[Opening Data section]

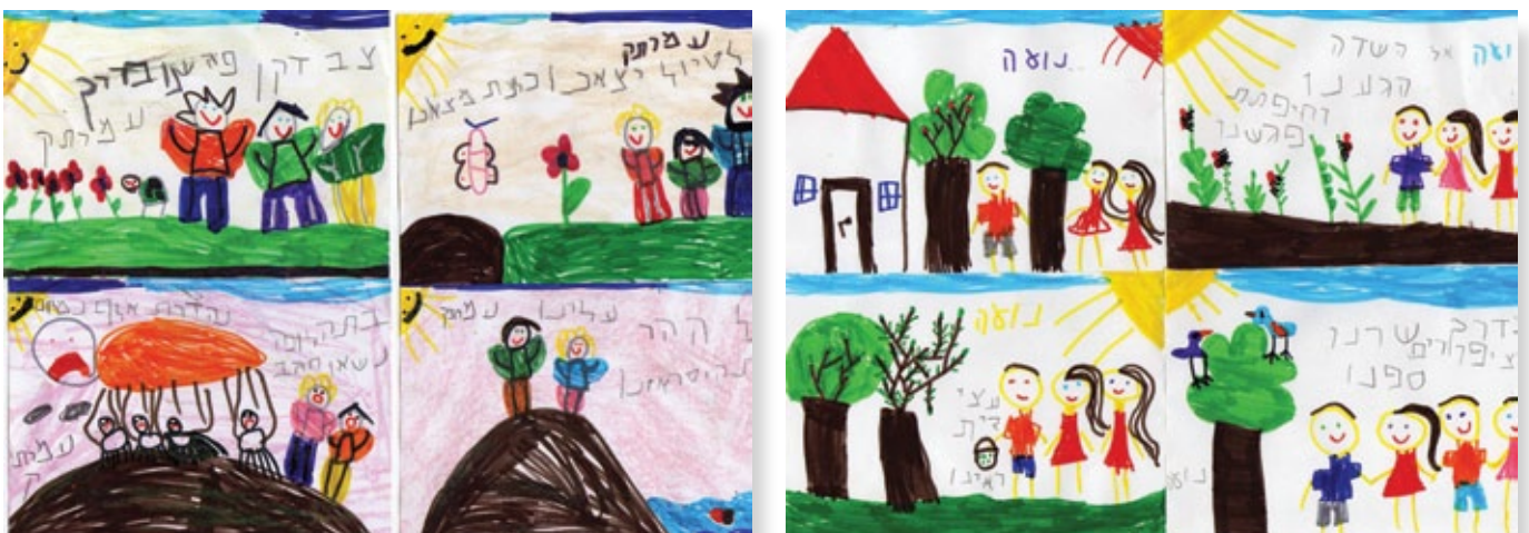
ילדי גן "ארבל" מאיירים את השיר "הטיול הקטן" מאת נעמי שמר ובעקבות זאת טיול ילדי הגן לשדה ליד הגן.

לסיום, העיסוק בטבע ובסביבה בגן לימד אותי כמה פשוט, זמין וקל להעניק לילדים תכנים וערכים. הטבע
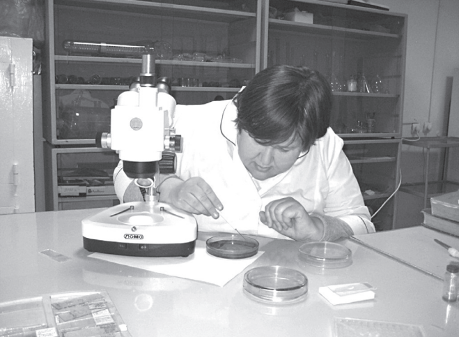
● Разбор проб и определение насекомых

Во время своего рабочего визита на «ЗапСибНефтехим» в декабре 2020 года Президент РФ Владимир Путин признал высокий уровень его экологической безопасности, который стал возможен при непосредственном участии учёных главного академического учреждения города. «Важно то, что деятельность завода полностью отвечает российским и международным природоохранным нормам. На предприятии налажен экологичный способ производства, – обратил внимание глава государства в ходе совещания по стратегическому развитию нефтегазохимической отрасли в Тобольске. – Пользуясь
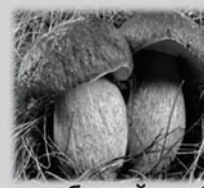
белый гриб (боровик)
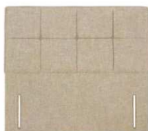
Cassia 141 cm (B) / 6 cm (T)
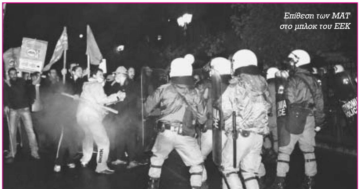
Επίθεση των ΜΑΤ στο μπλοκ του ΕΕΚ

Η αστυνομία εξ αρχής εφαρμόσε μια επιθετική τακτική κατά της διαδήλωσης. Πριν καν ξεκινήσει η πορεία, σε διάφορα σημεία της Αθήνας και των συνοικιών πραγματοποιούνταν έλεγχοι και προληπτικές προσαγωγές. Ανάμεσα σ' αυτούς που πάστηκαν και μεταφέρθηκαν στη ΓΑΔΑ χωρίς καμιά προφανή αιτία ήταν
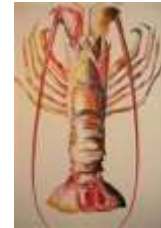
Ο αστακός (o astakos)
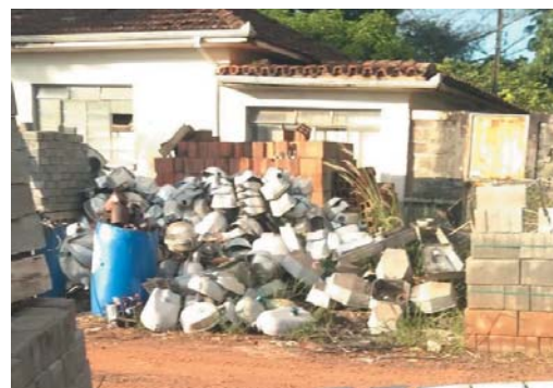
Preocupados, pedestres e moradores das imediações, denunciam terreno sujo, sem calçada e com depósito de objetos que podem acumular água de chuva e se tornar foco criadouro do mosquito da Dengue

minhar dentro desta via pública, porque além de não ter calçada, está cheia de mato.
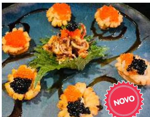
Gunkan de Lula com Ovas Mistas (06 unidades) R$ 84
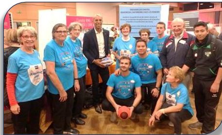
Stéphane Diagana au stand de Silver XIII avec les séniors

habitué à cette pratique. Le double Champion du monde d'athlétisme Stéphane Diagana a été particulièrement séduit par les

[Closing Data section]

# Task item:
Pull each line containing the word "Diagana" out of the data above.

# Result for this exercise:
Stéphane Diagana au stand de Silver XIII avec les séniors
habitué à cette pratique. Le double Champion du monde d'athlétisme Stéphane Diagana a été particulièrement séduit par les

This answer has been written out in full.